Given data >>
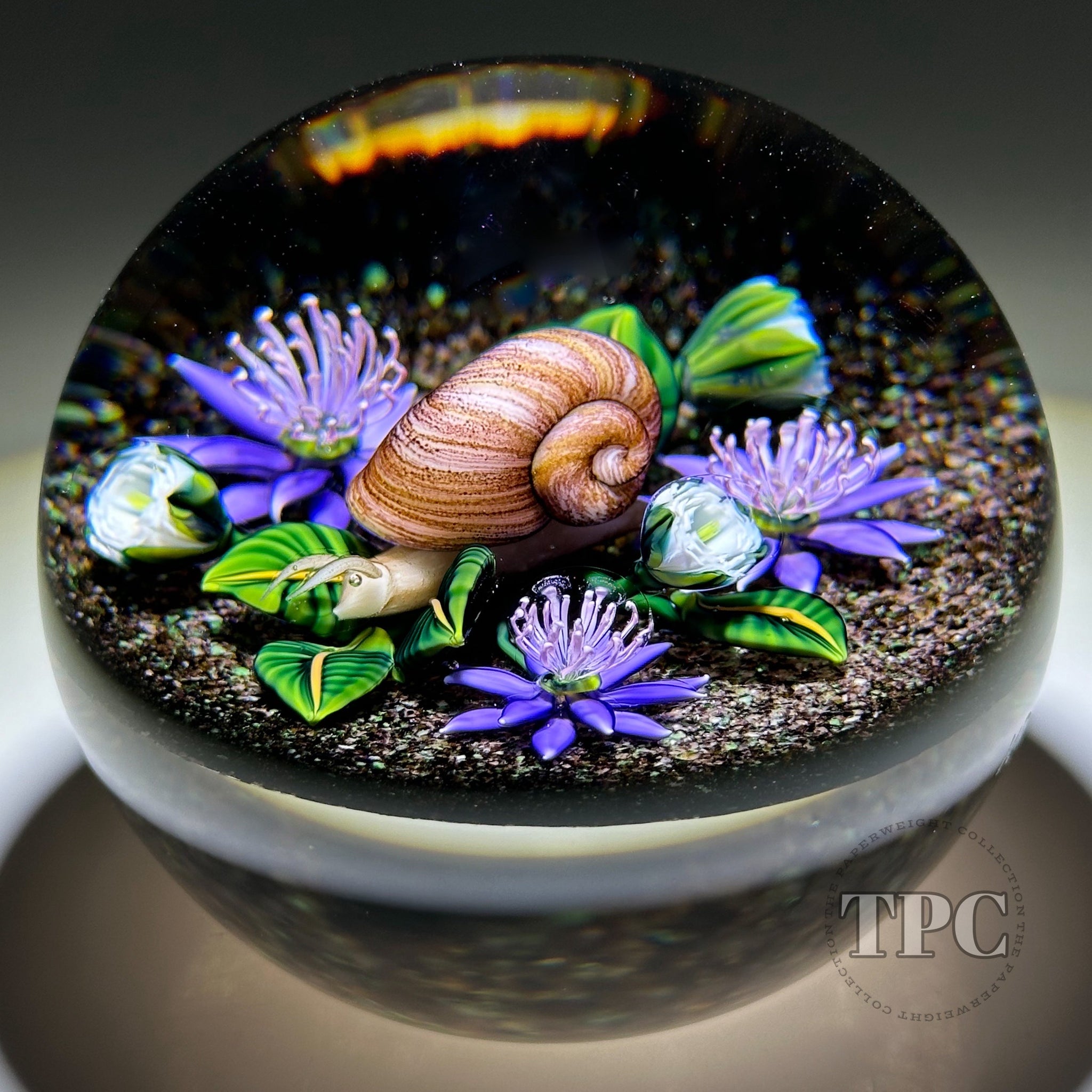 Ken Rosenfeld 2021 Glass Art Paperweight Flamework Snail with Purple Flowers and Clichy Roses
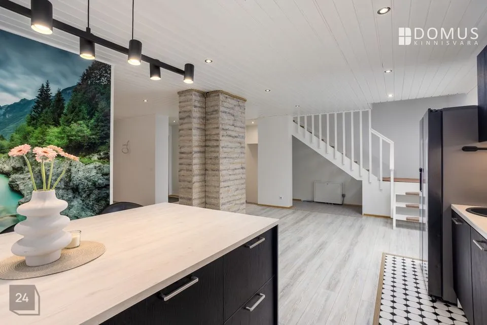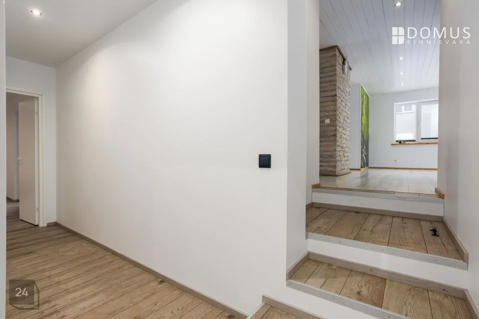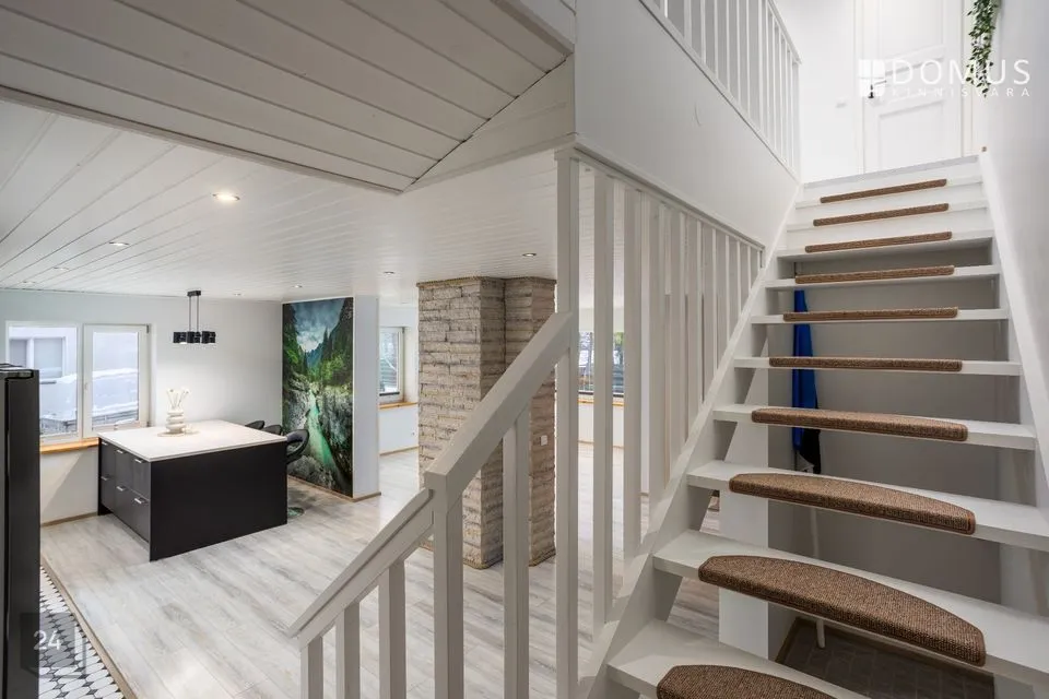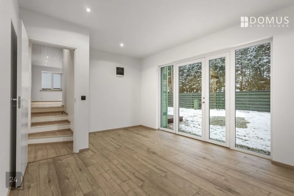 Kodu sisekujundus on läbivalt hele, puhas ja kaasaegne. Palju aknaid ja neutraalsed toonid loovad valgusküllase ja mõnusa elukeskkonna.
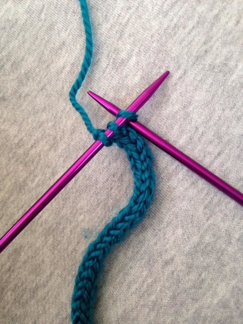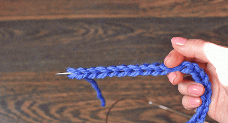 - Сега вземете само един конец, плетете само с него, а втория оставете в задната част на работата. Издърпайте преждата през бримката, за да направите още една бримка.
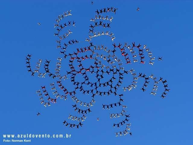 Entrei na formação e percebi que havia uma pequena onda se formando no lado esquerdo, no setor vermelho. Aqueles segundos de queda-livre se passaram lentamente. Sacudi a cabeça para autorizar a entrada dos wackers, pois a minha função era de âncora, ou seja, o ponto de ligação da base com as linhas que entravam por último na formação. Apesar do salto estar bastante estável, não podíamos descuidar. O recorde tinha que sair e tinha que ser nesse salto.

Task to carry out >> Write out exactly the lines between the start of the data and the line with "Kodu sisekujundus on", including both, but none of the pictures.

Expected answer >>
 Ken Rosenfeld 2021 Glass Art Paperweight Flamework Snail with Purple Flowers and Clichy Roses
 Kodu sisekujundus on läbivalt hele, puhas ja kaasaegne. Palju aknaid ja neutraalsed toonid loovad valgusküllase ja mõnusa elukeskkonna.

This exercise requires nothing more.